NAME
Catmandu::Importer::PDF - Catmandu importer to extract data from one pdf
SYNOPSIS
#From the command line
#Export pdf information, and text
$ catmandu convert PDF --file input.pdf to YAML
#In a script
use Catmandu::Sane;
use Catmandu::Importer::PDF;
my $importer = Catmandu::Importer::PDF->new( file => "/tmp/input.pdf" );
$importer->each(sub{
my $pdf = $_[0];
#..
});
EXAMPLE OUTPUT IN YAML
document:
author: ~
creation_date: 1207274644
creator: PDFplus
keywords: ~
metadata: ~
modification_date: 1421574847
producer: "Nobody at all"
subject: ~
title: "Hello there"
version: PDF-1.6
pages:
- label: Cover Page
height: 878
width: 595
text: "Hello world"
INSTALLATION
In order to install this package you need the following system packages installed
- Centos
-
Requires Centos 7 at minimum.
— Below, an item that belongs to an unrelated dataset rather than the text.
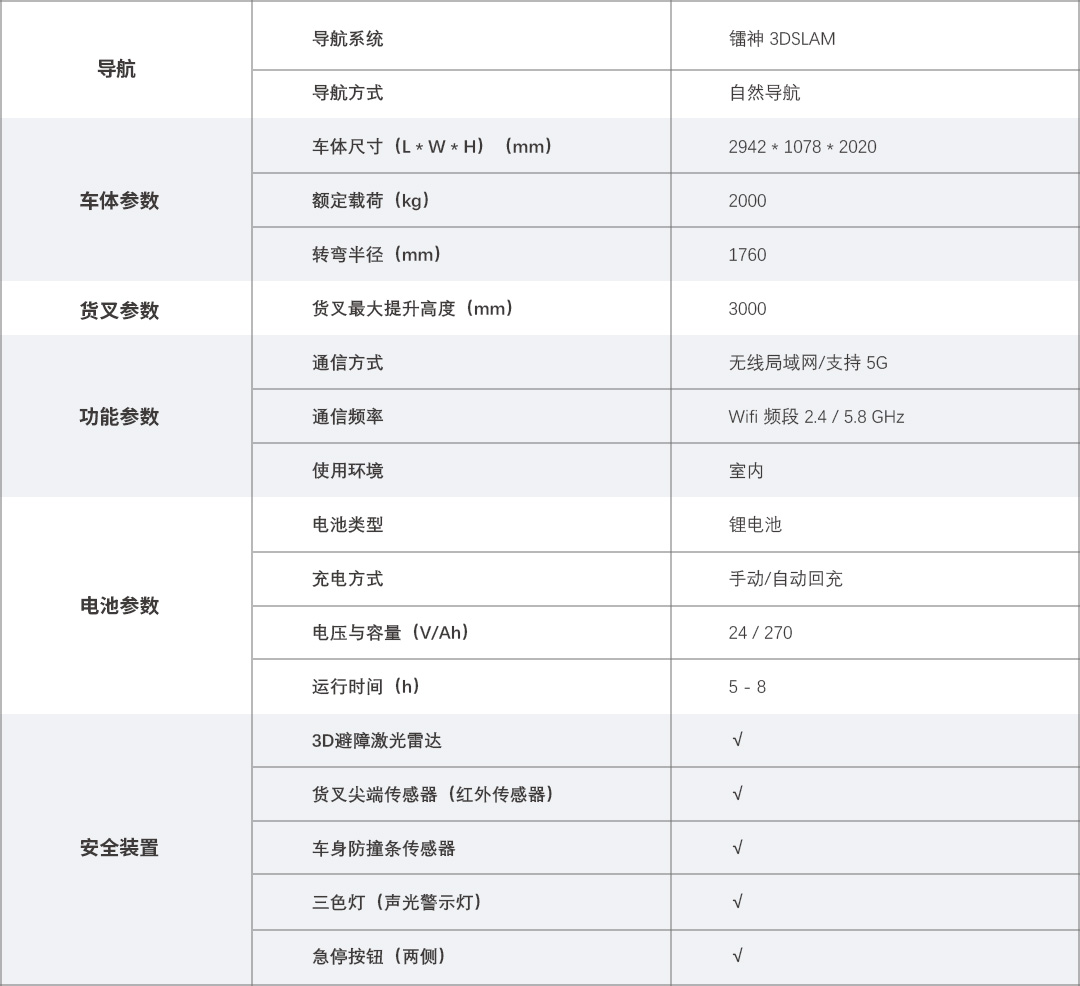 LXP20-B是一款采用多线激光雷达3DSLAM技术的自然导航室内平衡重式无人叉车,可以满足堆高作业需求,又兼具有运行速度快、爬坡能力好,载重极限高的优势,同时适用于田字托、川字托等托盘货物在不同货位间的自动化中转搬运。适用于无人装卸车、地面货物堆叠、穿梭式货架对接、地面水平搬运、重载堆高等应用场景。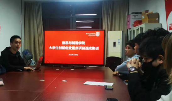 3月8日晚,信息与制造学院在实训楼603室开展2022年大学生创新创业重点项目选拔集训活动。

Centos 6 only has poppler-glib 0.12.
* perl-devel
* make
* gcc
* gcc-c++
* libyaml-devel
* libyaml
* poppler-glib ( >= 0.16 )
* poppler-glib-devel ( >= 0.16 )
* gobject-introspection-devel
- Ubuntu
-
Requires Ubuntu 14 at minimum.
* libpoppler-glib8
* libpoppler-glib-dev
* gobject-introspection
* libgirepository1.0-dev
NOTES
* Catmandu::Importer::PDF returns one record, containing both document information, and page text
* Catmandu::Importer::PDFPages returns multiple records, each for each page
* Catmandu::Importer::PDFInfo returns one record, containing document information
KNOWN ISSUES
* Due to a bug in older versions of poppler-glib (bug #94173), the creation_date and modification_date can be returned in local time, instead of utc. This module tries to fix that.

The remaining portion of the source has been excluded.